* Dataset extract
========================

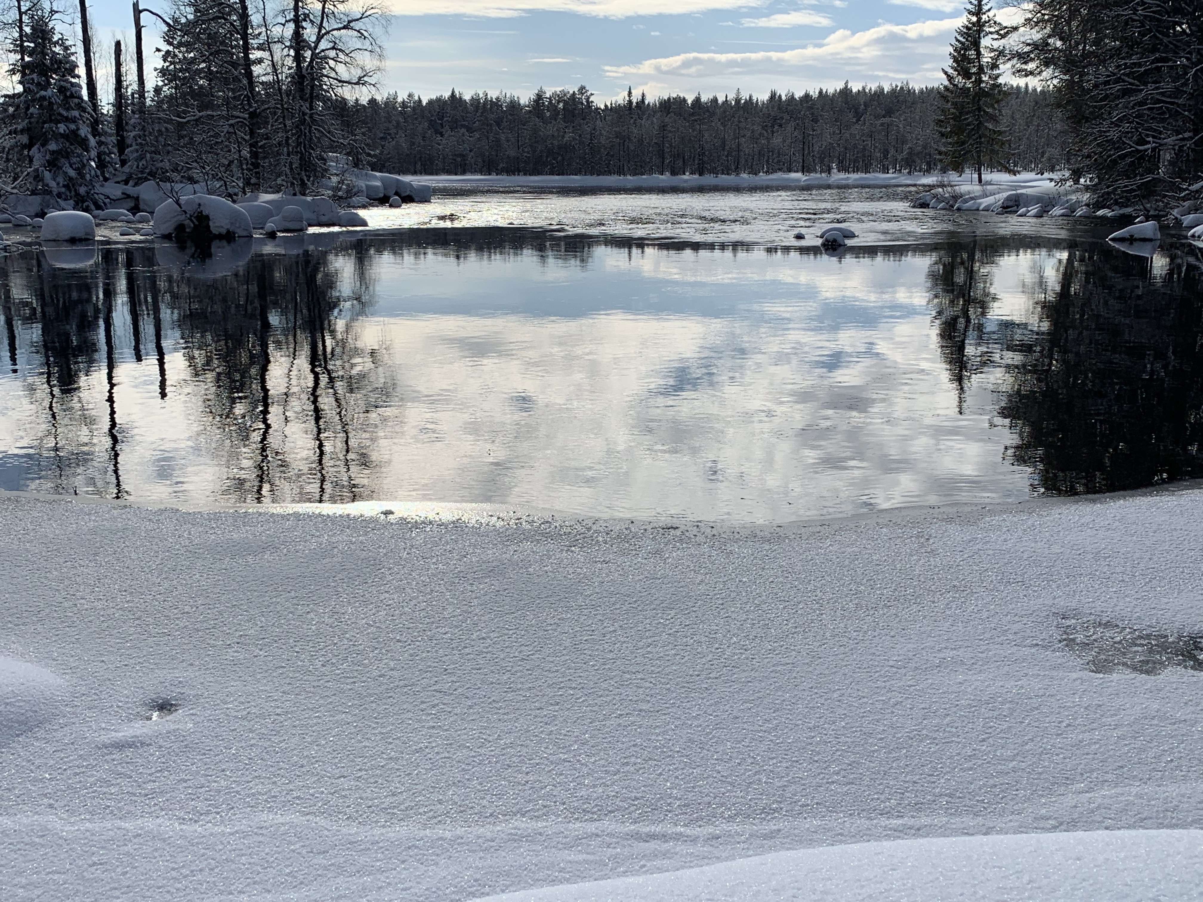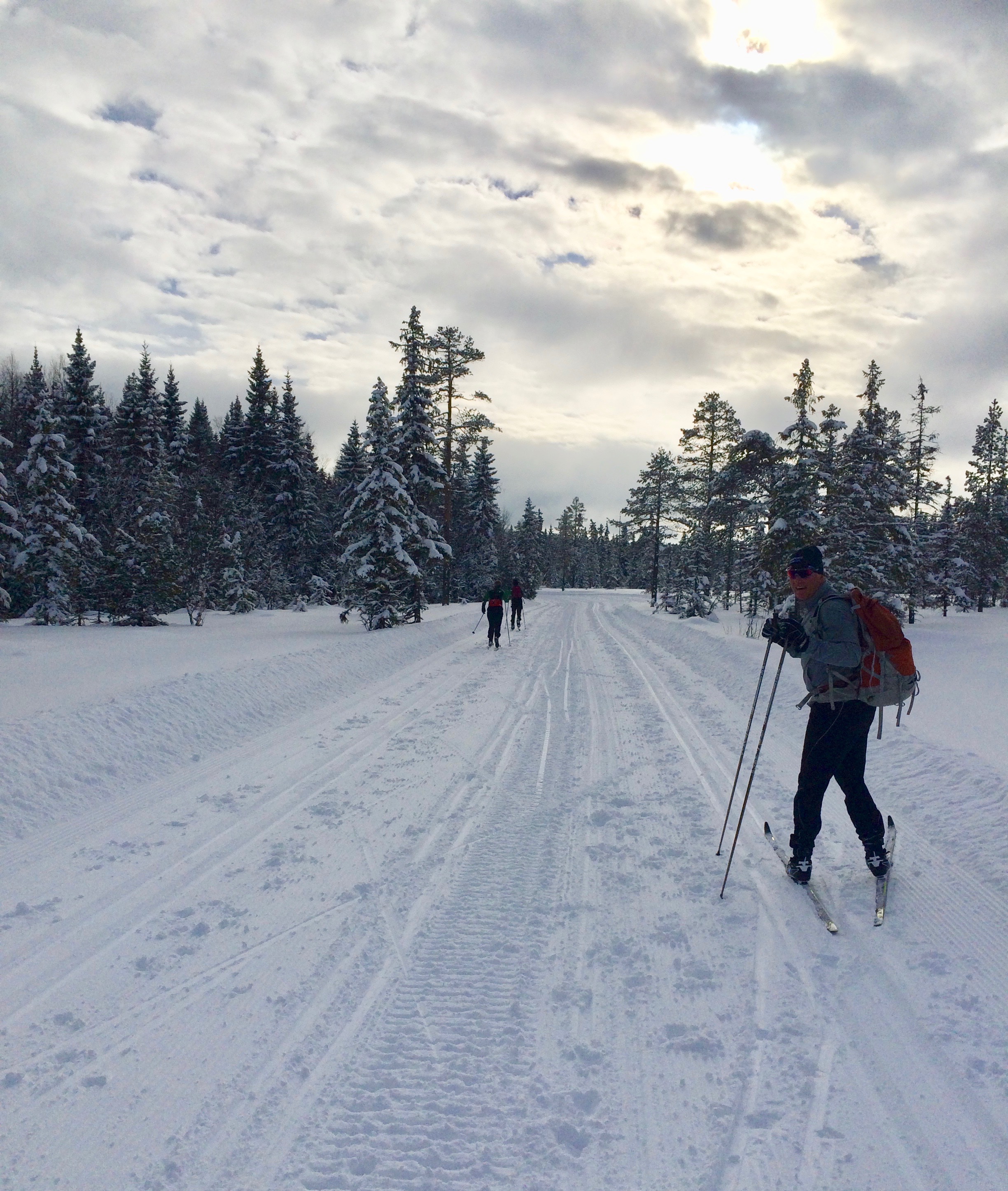 We woke up bright and early, 4:30 am to a cloudy day but they predicted the sun was coming out. The temperature was about -5 degrees and their was a light breeze. Everyone was a little nervous and anxious but very excited! We were lucky that we could just ski out the door 2.5 km with our headlamps to the bus pick up. We boarded the nice coach bus to Rena at 5:35am and the trip was about 2 and half hours.
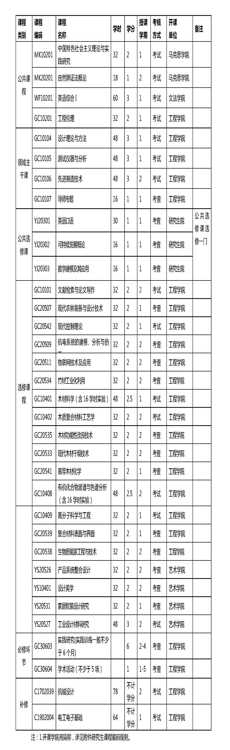 研究生课程学习采用学分制,要求所修课程总学分不少于32学分(含实践研究6学分+学术活动1学分)。原则上所修课程总学分不多于36学分。外国留学生修读课程及学分要求相同。同等学历或跨专业考取的硕士研究生需补修本专业本科主干课程,要求通过课程考试,但不计学分。非学位课由导师和研究生根据专业培养的要求以及研究生原有基础、特长共同商定。
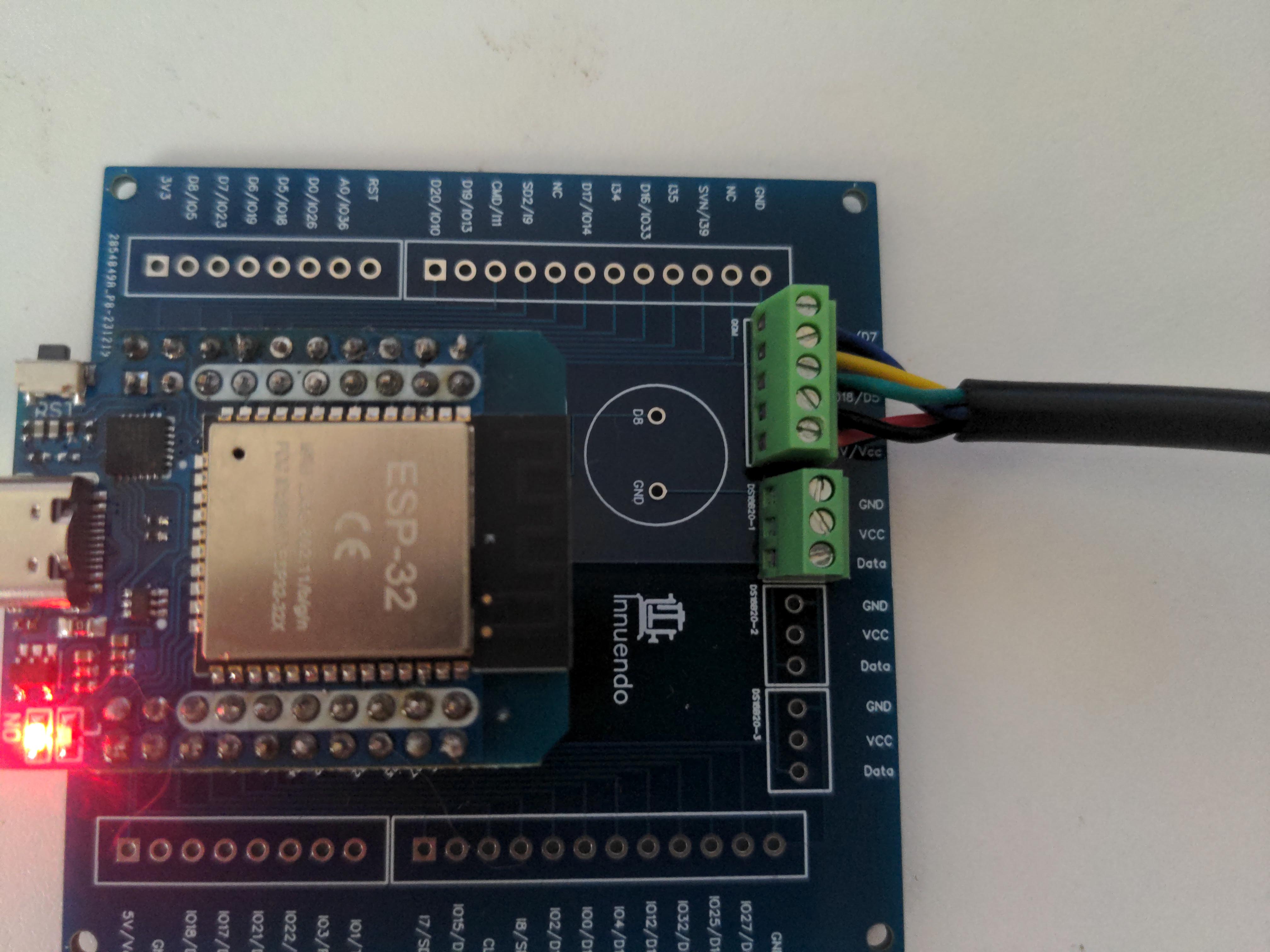 - 5V/VCC und GND am rechten unteren Rand der Platine (wenn der ESP-USB-Anschluss nach unten zeigt)
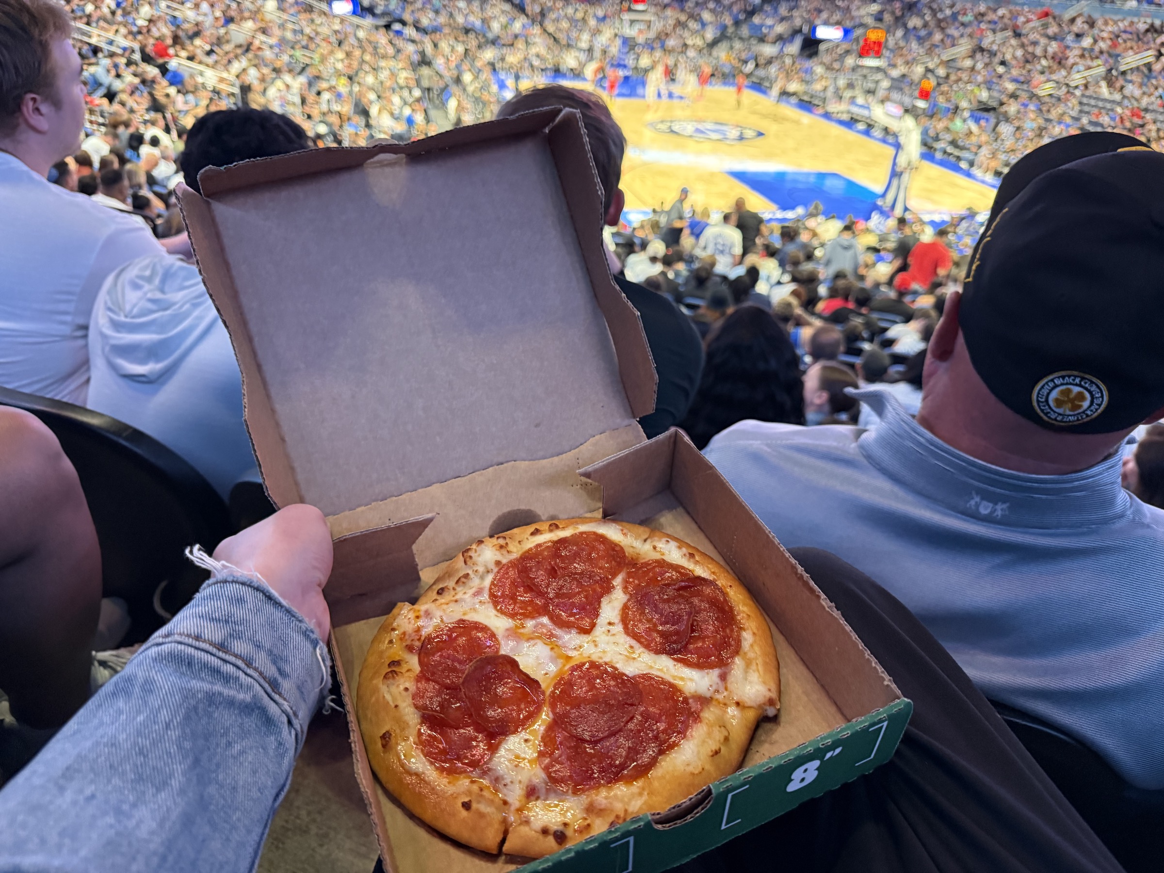 São coisas tipo cachorro quente (basicamente pão e salsicha, do tipo americano), nachos, pipoca, entre outros. A pizza Papa Johns Pizza que eu peguei estava muito boa. Você paga, retira e leva pro seu assento ou pode levar para comer em mesinhas altas com vista para a quadra (se achar alguma desocupada). Ah, tem venda de bebida alcoólica também.

========================

The response should restate the material above word for word and contain no pictures.

 We woke up bright and early, 4:30 am to a cloudy day but they predicted the sun was coming out. The temperature was about -5 degrees and their was a light breeze. Everyone was a little nervous and anxious but very excited! We were lucky that we could just ski out the door 2.5 km with our headlamps to the bus pick up. We boarded the nice coach bus to Rena at 5:35am and the trip was about 2 and half hours.
 研究生课程学习采用学分制,要求所修课程总学分不少于32学分(含实践研究6学分+学术活动1学分)。原则上所修课程总学分不多于36学分。外国留学生修读课程及学分要求相同。同等学历或跨专业考取的硕士研究生需补修本专业本科主干课程,要求通过课程考试,但不计学分。非学位课由导师和研究生根据专业培养的要求以及研究生原有基础、特长共同商定。
 - 5V/VCC und GND am rechten unteren Rand der Platine (wenn der ESP-USB-Anschluss nach unten zeigt)
 São coisas tipo cachorro quente (basicamente pão e salsicha, do tipo americano), nachos, pipoca, entre outros. A pizza Papa Johns Pizza que eu peguei estava muito boa. Você paga, retira e leva pro seu assento ou pode levar para comer em mesinhas altas com vista para a quadra (se achar alguma desocupada). Ah, tem venda de bebida alcoólica também.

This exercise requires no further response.